How does Cloudflare help protect against AI crawlers?

Cloudflare AI Crawl Control helps web content owners regain control over AI crawlers. Cloudflare sits in front of around 20% of all web properties, giving it deep insight into all kinds of crawler activity. This visibility enables content owners to use AI Crawl Control to:

  - Understand AI crawling patterns on their web properties, on a per-crawler, per-domain, or per-page basis

  - Manage crawler activity via block or allow rules

  - Request payment from AI crawlers on a per-crawl basis, either via customizable HTTP 402 responses or a Cloudflare-built pay per crawl system

Click here to start for free.

FAQs

What are AI crawlers and how do they work?

AI crawlers are a type of web crawler (or web scraper) that access, download, and index content from the Internet.

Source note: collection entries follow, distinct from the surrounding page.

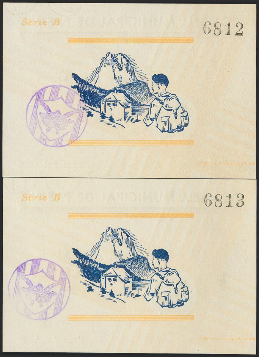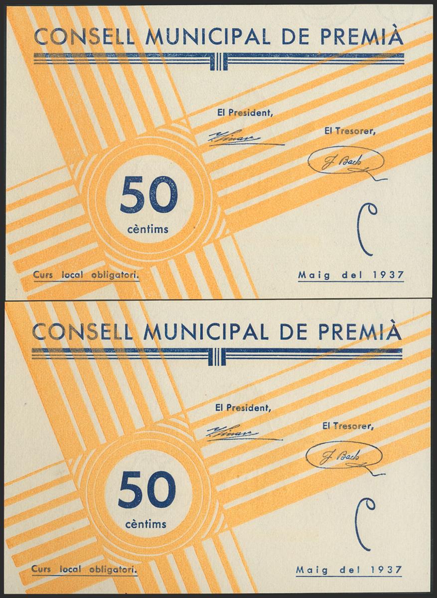 English AWARD (BARCELONA). 50 cents. Correlative pair. Series B. (González: 9454). Uncirculated.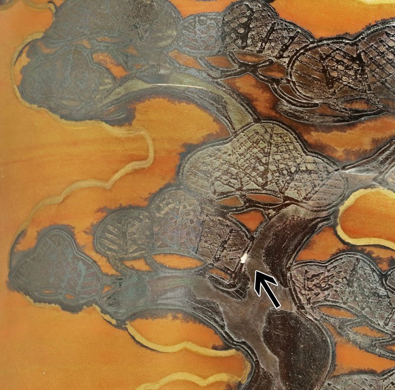 銀彩に小さなハゲあり(写真矢印部分参照)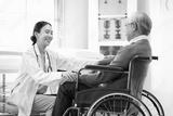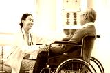 The compassionate doctor smiles warmly while treating an elderly patient at home, providing gentle care and positive support that brings comfort and hope, showing how dedicated caregivers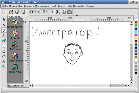Рис. 15.18. Рабочий стол Koffice с запущенной программой KIllustrator Я не могу утверждать, что эти приложения обеспечивают все возможности, которые имеются в пакете Microsoft Office, но пакет KOffice интенсивно развивается и совершенствуется, так что если не сейчас, то в ближайшем будущем будет удовлетворять потребности рядового пользователя. Его обновленные версии можно найти на сайте http://koffice.kde.org/. Что касается электронных таблиц, то, по отзывам в Интернете, очень неплохая электронная таблица для Linux разработана в рамках проекта Gnome. Называется она Gnumeric и найти ее можно по адресу ftp://ftp.gnome.ru/gnumeric/. Возможности этой программы (по крайней мере по той информации, которая опубликована на сайте http://www.gnome.ru), впечатляют. Она поддерживает 95% встроенных функций Excel и 100% инженерных функций, внутри-табличные зависимости, все встроенные в Excel форматы представления данных (числовой, денежный, учетный, даты, времени, процентов, дробный, научный, текстовый, специальный) и многое другое. В составе Gnumeric имеются фильтры для импорта файлов в форматах: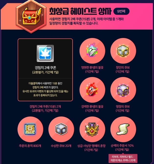 9개의 헤이스트 상자를 모두 열어 보상을 받았을 경우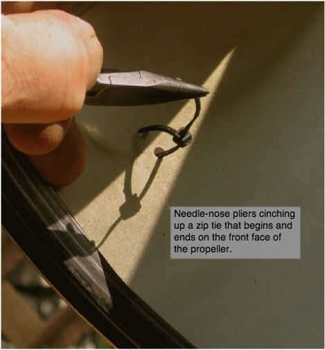 Las cuchillas con la hoja de plantilla en la parte superior de la pila, sujetarlos con abrazaderas al menos dos y 1/8" perforar a través de la pila. Monte las palas de la rueda, a partir de todos los lazos zip en las caras delanteras para que no pueden enganchar la correa en un viento. Les apriete con baja tensión y recorte los extremos sueltos.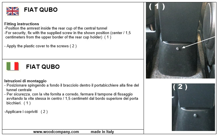 Bracciolo regolabile in lunghezza specifico per Fiat Qubo (2008-2019) con installazione in “PLUG-IN” a pressione, senza bisogno di viti, evitando quindi di danneggiare l’auto praticando fori.
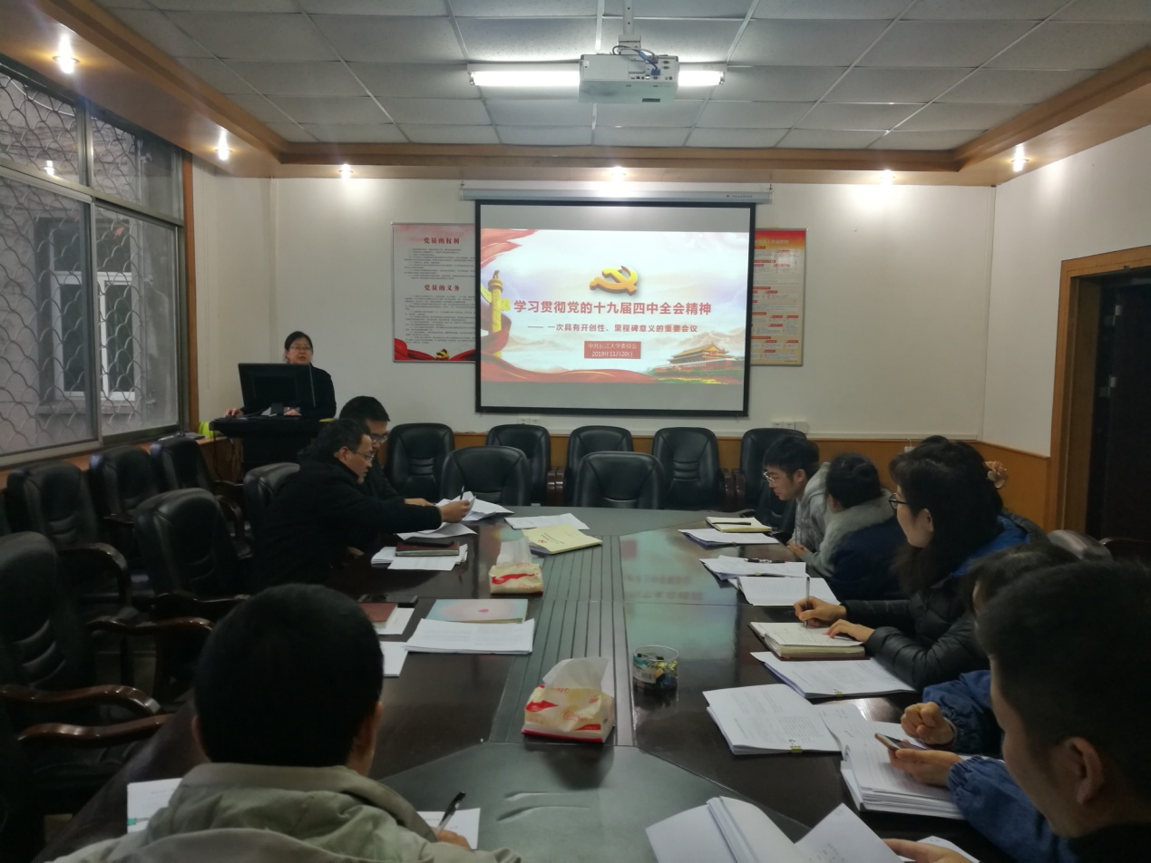 2019年11月25日下午电信公司分党委分别召开理论学习中心组学习和党支部书记会议,由分党委书记宣讲四中全会精神。会后各党支部组织开展11月份第二次支部主题党日活动,集中学习贯彻党的十九届四中全会精神。28日分党委书记刘逸组织全体教职工和员工党员、发展对象学习贯彻党的十九届四中全会精神。在学习贯彻党的十九届四中全会精神会上,通过“一图读懂四中全会”熟悉了党的十九届四中全会的会议内容、我国国家制度和国家治理体系具有的显著优势、坚持和完善中国特色社会主义制度推进国家治理体系和治理能力现代化的总体目标和工作要求;通过观看微视频“字里行间看《决定》”,对《决定》中的3大板块、15个部分、200多项重大举措、222个高频关键词“制度”有了更全面的了解;通过学习“上善若水,水滴石穿——学习贯彻党的十九届四中全会精神等内容”,对党的十九届四中全会精神有了更深入的理解和体会。刘书记结合宣讲党的十九届四中全会精神,讲了一次形势与政策课,上了一堂生动的主题教育党课。

They use scraped content to train large language models (LLMs) or contribute to the responses those models generate.

What are the main problems AI crawlers can cause for website owners?

AI crawlers might ignore site policies (like those found in the robots.txt file), steal intellectual property (IP), reduce visitors for original content, degrade site performance, introduce biases, and generate inaccurate information.

What steps can content providers take to limit AI crawlers' access to their sites?

Content providers can implement a multi-tiered strategy, which includes updating their robots.txt file, using meta tags to block crawlers from some parts of a site, distinguishing humans from bots, employing rate limiting, and trapping misbehaving crawlers.

How can content providers differentiate between good and bad web crawlers?

Content providers can use modern bot management solutions to help block malicious bots while allowing beneficial crawlers to access their site. Additionally, they can start by blocking all crawlers by default on a new website.

How does Cloudflare AI Crawl Control help website owners manage AI crawler activity?

Cloudflare AI Crawl Control helps content owners understand crawling patterns, manage crawler activity, and request payment from AI crawler owners.